[Start of Attachment]

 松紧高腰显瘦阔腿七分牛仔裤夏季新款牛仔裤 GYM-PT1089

[End of Attachment]
[Start of Attachment]

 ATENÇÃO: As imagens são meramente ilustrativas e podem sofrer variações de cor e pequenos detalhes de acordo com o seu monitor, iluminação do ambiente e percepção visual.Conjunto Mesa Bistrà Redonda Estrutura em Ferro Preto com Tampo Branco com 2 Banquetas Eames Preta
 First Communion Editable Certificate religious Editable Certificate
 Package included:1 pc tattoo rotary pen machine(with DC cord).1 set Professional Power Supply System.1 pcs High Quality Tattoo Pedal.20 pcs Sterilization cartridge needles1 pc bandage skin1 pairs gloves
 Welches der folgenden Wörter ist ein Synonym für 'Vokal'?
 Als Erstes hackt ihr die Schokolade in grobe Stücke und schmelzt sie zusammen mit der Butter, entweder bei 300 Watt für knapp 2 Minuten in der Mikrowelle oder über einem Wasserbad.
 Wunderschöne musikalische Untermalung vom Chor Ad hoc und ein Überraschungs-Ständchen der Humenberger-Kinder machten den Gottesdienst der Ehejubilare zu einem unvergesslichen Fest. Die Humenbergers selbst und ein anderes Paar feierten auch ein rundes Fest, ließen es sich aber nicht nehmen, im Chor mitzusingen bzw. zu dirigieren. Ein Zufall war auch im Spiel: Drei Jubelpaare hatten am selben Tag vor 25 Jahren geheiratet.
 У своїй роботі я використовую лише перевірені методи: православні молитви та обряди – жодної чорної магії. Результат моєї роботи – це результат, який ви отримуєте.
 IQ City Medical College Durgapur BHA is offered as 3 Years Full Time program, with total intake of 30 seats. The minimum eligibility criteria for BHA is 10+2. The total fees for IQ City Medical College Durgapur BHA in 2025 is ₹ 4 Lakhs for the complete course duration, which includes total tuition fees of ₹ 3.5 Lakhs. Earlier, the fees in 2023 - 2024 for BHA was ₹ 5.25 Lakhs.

[End of Attachment]
[Start of Attachment]

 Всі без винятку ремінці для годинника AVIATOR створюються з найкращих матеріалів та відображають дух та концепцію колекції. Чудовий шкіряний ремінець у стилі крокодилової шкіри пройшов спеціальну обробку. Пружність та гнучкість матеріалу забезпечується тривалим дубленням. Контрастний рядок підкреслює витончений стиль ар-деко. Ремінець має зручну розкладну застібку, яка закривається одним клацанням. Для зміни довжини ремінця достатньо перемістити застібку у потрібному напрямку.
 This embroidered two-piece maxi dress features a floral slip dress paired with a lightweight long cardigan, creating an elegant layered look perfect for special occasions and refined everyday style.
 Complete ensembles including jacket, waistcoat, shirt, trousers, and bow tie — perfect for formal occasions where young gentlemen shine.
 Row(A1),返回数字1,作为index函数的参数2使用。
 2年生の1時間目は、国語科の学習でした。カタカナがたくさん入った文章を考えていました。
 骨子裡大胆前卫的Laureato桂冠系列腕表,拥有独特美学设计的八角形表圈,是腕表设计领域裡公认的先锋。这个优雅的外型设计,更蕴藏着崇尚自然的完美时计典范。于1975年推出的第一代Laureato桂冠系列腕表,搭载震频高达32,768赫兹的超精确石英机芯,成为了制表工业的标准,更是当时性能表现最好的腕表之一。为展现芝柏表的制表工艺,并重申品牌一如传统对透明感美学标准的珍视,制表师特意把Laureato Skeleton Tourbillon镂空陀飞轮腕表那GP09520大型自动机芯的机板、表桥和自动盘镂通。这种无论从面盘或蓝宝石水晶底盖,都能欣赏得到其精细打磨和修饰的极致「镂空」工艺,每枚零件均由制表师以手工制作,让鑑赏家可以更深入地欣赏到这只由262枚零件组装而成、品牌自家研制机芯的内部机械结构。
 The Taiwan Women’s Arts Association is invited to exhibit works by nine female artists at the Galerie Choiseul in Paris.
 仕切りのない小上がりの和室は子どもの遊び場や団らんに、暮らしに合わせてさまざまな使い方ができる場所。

[End of Attachment]

● **Task to complete**
Identify the lines above with the word "perfect". Copy them.

● **Exercise response**
 This embroidered two-piece maxi dress features a floral slip dress paired with a lightweight long cardigan, creating an elegant layered look perfect for special occasions and refined everyday style.
 Complete ensembles including jacket, waistcoat, shirt, trousers, and bow tie — perfect for formal occasions where young gentlemen shine.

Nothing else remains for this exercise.